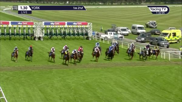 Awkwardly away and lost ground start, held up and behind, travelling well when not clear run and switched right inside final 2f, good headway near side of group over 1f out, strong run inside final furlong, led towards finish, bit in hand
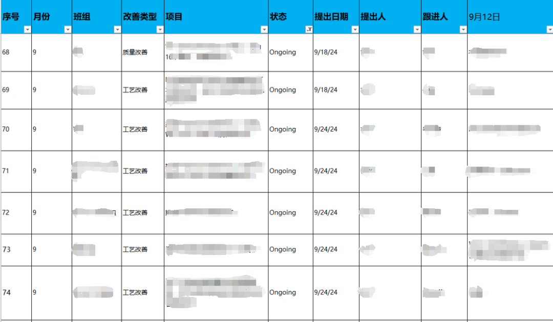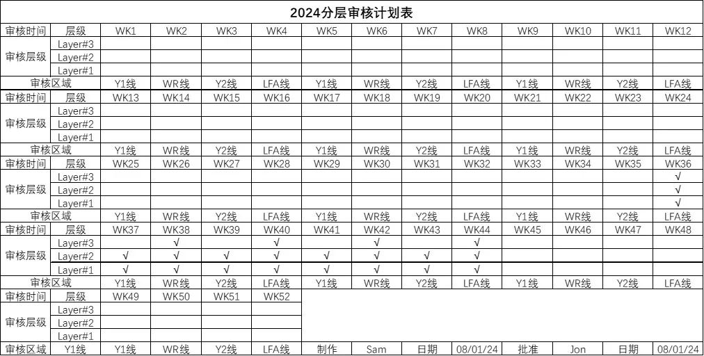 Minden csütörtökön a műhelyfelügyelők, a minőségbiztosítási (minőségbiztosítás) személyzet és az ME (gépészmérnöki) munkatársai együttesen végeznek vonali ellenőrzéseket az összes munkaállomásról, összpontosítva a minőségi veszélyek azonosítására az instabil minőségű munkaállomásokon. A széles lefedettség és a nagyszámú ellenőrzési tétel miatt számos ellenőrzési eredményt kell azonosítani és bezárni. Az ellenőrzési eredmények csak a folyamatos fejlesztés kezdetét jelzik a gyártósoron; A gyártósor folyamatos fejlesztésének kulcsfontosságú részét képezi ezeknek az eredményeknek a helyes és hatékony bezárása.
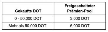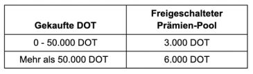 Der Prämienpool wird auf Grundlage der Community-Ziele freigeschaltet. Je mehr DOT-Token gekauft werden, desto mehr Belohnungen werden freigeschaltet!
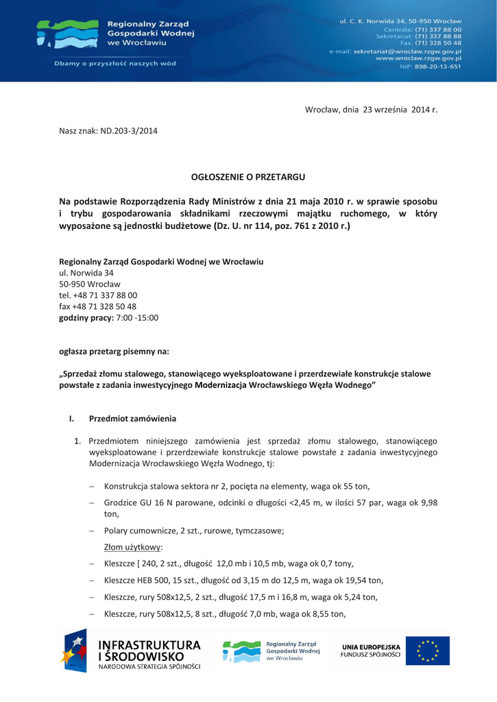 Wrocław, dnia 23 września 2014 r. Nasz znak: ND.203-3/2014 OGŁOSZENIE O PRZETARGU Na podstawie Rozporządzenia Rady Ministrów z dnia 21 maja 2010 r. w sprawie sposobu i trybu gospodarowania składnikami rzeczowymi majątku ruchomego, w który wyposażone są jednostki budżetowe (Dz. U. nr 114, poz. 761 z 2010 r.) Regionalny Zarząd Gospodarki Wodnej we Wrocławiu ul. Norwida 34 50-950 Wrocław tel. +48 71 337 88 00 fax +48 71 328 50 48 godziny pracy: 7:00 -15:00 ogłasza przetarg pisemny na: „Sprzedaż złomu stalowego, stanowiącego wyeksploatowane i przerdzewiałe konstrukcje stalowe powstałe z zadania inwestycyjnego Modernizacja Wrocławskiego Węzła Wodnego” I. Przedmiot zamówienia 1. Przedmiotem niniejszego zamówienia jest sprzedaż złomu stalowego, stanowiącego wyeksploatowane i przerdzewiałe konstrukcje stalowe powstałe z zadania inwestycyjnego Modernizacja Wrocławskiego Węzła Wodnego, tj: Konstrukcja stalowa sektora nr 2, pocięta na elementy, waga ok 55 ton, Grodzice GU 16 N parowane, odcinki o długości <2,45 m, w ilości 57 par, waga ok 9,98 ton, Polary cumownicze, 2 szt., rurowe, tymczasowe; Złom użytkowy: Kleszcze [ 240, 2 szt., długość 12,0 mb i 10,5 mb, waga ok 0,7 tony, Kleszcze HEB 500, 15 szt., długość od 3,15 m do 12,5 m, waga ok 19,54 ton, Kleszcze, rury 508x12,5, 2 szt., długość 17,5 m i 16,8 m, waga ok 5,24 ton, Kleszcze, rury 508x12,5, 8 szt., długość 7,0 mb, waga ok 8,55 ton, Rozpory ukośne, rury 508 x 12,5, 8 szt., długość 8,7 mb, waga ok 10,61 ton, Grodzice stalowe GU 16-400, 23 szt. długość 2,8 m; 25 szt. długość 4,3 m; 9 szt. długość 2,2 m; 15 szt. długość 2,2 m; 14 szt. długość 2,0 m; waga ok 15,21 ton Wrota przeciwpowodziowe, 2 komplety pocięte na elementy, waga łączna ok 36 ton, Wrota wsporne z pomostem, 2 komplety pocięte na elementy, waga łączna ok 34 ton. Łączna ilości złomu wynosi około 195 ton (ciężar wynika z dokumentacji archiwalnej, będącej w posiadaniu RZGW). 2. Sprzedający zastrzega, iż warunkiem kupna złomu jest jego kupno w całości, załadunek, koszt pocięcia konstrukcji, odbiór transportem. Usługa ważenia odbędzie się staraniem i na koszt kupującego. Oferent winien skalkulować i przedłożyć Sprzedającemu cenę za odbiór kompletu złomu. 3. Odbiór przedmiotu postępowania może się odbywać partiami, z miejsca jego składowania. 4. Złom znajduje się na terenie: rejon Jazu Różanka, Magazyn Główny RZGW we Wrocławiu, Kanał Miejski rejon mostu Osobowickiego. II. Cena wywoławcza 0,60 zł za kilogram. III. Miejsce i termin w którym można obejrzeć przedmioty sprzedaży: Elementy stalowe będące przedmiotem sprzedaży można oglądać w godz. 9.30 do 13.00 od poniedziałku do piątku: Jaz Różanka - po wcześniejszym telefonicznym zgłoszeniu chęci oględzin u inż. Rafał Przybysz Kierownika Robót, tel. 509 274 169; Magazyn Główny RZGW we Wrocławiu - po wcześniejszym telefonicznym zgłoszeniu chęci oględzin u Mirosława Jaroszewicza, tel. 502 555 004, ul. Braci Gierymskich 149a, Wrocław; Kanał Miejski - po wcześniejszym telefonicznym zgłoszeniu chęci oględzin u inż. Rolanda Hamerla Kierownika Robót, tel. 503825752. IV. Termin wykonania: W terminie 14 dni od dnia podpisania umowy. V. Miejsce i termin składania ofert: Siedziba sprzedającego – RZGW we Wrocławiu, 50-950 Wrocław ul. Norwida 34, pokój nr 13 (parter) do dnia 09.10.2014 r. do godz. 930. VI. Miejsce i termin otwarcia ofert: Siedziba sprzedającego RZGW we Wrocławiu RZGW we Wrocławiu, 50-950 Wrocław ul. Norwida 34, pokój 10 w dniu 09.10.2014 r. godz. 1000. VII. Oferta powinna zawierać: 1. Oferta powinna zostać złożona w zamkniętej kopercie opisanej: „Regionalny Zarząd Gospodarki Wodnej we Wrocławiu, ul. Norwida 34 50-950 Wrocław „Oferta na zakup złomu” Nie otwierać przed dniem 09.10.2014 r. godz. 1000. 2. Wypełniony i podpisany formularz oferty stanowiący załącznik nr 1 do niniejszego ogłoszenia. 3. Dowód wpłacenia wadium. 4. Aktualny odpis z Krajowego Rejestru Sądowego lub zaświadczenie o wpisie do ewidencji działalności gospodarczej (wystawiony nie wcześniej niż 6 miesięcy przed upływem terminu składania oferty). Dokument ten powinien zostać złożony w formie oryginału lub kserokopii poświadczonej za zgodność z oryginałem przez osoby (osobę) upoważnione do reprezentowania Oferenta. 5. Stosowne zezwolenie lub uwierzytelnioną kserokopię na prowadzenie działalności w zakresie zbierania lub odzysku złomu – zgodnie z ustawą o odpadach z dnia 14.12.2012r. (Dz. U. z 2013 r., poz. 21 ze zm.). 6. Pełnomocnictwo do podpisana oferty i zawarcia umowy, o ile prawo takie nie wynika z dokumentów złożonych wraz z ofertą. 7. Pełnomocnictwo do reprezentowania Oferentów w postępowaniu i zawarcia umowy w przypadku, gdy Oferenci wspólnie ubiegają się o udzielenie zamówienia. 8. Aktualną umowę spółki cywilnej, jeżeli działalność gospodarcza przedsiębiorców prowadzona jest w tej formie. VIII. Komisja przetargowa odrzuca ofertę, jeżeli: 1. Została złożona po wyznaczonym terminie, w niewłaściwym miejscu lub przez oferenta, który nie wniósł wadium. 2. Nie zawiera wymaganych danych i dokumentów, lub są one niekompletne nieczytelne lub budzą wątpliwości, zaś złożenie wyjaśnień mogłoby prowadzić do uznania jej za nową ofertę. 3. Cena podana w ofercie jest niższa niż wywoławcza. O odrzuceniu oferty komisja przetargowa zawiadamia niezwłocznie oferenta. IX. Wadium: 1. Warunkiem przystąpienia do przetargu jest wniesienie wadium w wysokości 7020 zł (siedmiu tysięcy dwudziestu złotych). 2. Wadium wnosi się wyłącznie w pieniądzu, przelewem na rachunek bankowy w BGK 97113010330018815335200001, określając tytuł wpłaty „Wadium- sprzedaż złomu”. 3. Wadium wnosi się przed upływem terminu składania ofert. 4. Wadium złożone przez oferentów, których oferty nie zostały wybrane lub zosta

EXERCISE DIRECTIONS: Render the data above verbatim and without pictures.

EXERCISE SOLUTION:
 Awkwardly away and lost ground start, held up and behind, travelling well when not clear run and switched right inside final 2f, good headway near side of group over 1f out, strong run inside final furlong, led towards finish, bit in hand
 Minden csütörtökön a műhelyfelügyelők, a minőségbiztosítási (minőségbiztosítás) személyzet és az ME (gépészmérnöki) munkatársai együttesen végeznek vonali ellenőrzéseket az összes munkaállomásról, összpontosítva a minőségi veszélyek azonosítására az instabil minőségű munkaállomásokon. A széles lefedettség és a nagyszámú ellenőrzési tétel miatt számos ellenőrzési eredményt kell azonosítani és bezárni. Az ellenőrzési eredmények csak a folyamatos fejlesztés kezdetét jelzik a gyártósoron; A gyártósor folyamatos fejlesztésének kulcsfontosságú részét képezi ezeknek az eredményeknek a helyes és hatékony bezárása.
 Der Prämienpool wird auf Grundlage der Community-Ziele freigeschaltet. Je mehr DOT-Token gekauft werden, desto mehr Belohnungen werden freigeschaltet!
 Wrocław, dnia 23 września 2014 r. Nasz znak: ND.203-3/2014 OGŁOSZENIE O PRZETARGU Na podstawie Rozporządzenia Rady Ministrów z dnia 21 maja 2010 r. w sprawie sposobu i trybu gospodarowania składnikami rzeczowymi majątku ruchomego, w który wyposażone są jednostki budżetowe (Dz. U. nr 114, poz. 761 z 2010 r.) Regionalny Zarząd Gospodarki Wodnej we Wrocławiu ul. Norwida 34 50-950 Wrocław tel. +48 71 337 88 00 fax +48 71 328 50 48 godziny pracy: 7:00 -15:00 ogłasza przetarg pisemny na: „Sprzedaż złomu stalowego, stanowiącego wyeksploatowane i przerdzewiałe konstrukcje stalowe powstałe z zadania inwestycyjnego Modernizacja Wrocławskiego Węzła Wodnego” I. Przedmiot zamówienia 1. Przedmiotem niniejszego zamówienia jest sprzedaż złomu stalowego, stanowiącego wyeksploatowane i przerdzewiałe konstrukcje stalowe powstałe z zadania inwestycyjnego Modernizacja Wrocławskiego Węzła Wodnego, tj: Konstrukcja stalowa sektora nr 2, pocięta na elementy, waga ok 55 ton, Grodzice GU 16 N parowane, odcinki o długości <2,45 m, w ilości 57 par, waga ok 9,98 ton, Polary cumownicze, 2 szt., rurowe, tymczasowe; Złom użytkowy: Kleszcze [ 240, 2 szt., długość 12,0 mb i 10,5 mb, waga ok 0,7 tony, Kleszcze HEB 500, 15 szt., długość od 3,15 m do 12,5 m, waga ok 19,54 ton, Kleszcze, rury 508x12,5, 2 szt., długość 17,5 m i 16,8 m, waga ok 5,24 ton, Kleszcze, rury 508x12,5, 8 szt., długość 7,0 mb, waga ok 8,55 ton, Rozpory ukośne, rury 508 x 12,5, 8 szt., długość 8,7 mb, waga ok 10,61 ton, Grodzice stalowe GU 16-400, 23 szt. długość 2,8 m; 25 szt. długość 4,3 m; 9 szt. długość 2,2 m; 15 szt. długość 2,2 m; 14 szt. długość 2,0 m; waga ok 15,21 ton Wrota przeciwpowodziowe, 2 komplety pocięte na elementy, waga łączna ok 36 ton, Wrota wsporne z pomostem, 2 komplety pocięte na elementy, waga łączna ok 34 ton. Łączna ilości złomu wynosi około 195 ton (ciężar wynika z dokumentacji archiwalnej, będącej w posiadaniu RZGW). 2. Sprzedający zastrzega, iż warunkiem kupna złomu jest jego kupno w całości, załadunek, koszt pocięcia konstrukcji, odbiór transportem. Usługa ważenia odbędzie się staraniem i na koszt kupującego. Oferent winien skalkulować i przedłożyć Sprzedającemu cenę za odbiór kompletu złomu. 3. Odbiór przedmiotu postępowania może się odbywać partiami, z miejsca jego składowania. 4. Złom znajduje się na terenie: rejon Jazu Różanka, Magazyn Główny RZGW we Wrocławiu, Kanał Miejski rejon mostu Osobowickiego. II. Cena wywoławcza 0,60 zł za kilogram. III. Miejsce i termin w którym można obejrzeć przedmioty sprzedaży: Elementy stalowe będące przedmiotem sprzedaży można oglądać w godz. 9.30 do 13.00 od poniedziałku do piątku: Jaz Różanka - po wcześniejszym telefonicznym zgłoszeniu chęci oględzin u inż. Rafał Przybysz Kierownika Robót, tel. 509 274 169; Magazyn Główny RZGW we Wrocławiu - po wcześniejszym telefonicznym zgłoszeniu chęci oględzin u Mirosława Jaroszewicza, tel. 502 555 004, ul. Braci Gierymskich 149a, Wrocław; Kanał Miejski - po wcześniejszym telefonicznym zgłoszeniu chęci oględzin u inż. Rolanda Hamerla Kierownika Robót, tel. 503825752. IV. Termin wykonania: W terminie 14 dni od dnia podpisania umowy. V. Miejsce i termin składania ofert: Siedziba sprzedającego – RZGW we Wrocławiu, 50-950 Wrocław ul. Norwida 34, pokój nr 13 (parter) do dnia 09.10.2014 r. do godz. 930. VI. Miejsce i termin otwarcia ofert: Siedziba sprzedającego RZGW we Wrocławiu RZGW we Wrocławiu, 50-950 Wrocław ul. Norwida 34, pokój 10 w dniu 09.10.2014 r. godz. 1000. VII. Oferta powinna zawierać: 1. Oferta powinna zostać złożona w zamkniętej kopercie opisanej: „Regionalny Zarząd Gospodarki Wodnej we Wrocławiu, ul. Norwida 34 50-950 Wrocław „Oferta na zakup złomu” Nie otwierać przed dniem 09.10.2014 r. godz. 1000. 2. Wypełniony i podpisany formularz oferty stanowiący załącznik nr 1 do niniejszego ogłoszenia. 3. Dowód wpłacenia wadium. 4. Aktualny odpis z Krajowego Rejestru Sądowego lub zaświadczenie o wpisie do ewidencji działalności gospodarczej (wystawiony nie wcześniej niż 6 miesięcy przed upływem terminu składania oferty). Dokument ten powinien zostać złożony w formie oryginału lub kserokopii poświadczonej za zgodność z oryginałem przez osoby (osobę) upoważnione do reprezentowania Oferenta. 5. Stosowne zezwolenie lub uwierzytelnioną kserokopię na prowadzenie działalności w zakresie zbierania lub odzysku złomu – zgodnie z ustawą o odpadach z dnia 14.12.2012r. (Dz. U. z 2013 r., poz. 21 ze zm.). 6. Pełnomocnictwo do podpisana oferty i zawarcia umowy, o ile prawo takie nie wynika z dokumentów złożonych wraz z ofertą. 7. Pełnomocnictwo do reprezentowania Oferentów w postępowaniu i zawarcia umowy w przypadku, gdy Oferenci wspólnie ubiegają się o udzielenie zamówienia. 8. Aktualną umowę spółki cywilnej, jeżeli działalność gospodarcza przedsiębiorców prowadzona jest w tej formie. VIII. Komisja przetargowa odrzuca ofertę, jeżeli: 1. Została złożona po wyznaczonym terminie, w niewłaściwym miejscu lub przez oferenta, który nie wniósł wadium. 2. Nie zawiera wymaganych danych i dokumentów, lub są one niekompletne nieczytelne lub budzą wątpliwości, zaś złożenie wyjaśnień mogłoby prowadzić do uznania jej za nową ofertę. 3. Cena podana w ofercie jest niższa niż wywoławcza. O odrzuceniu oferty komisja przetargowa zawiadamia niezwłocznie oferenta. IX. Wadium: 1. Warunkiem przystąpienia do przetargu jest wniesienie wadium w wysokości 7020 zł (siedmiu tysięcy dwudziestu złotych). 2. Wadium wnosi się wyłącznie w pieniądzu, przelewem na rachunek bankowy w BGK 97113010330018815335200001, określając tytuł wpłaty „Wadium- sprzedaż złomu”. 3. Wadium wnosi się przed upływem terminu składania ofert. 4. Wadium złożone przez oferentów, których oferty nie zostały wybrane lub zosta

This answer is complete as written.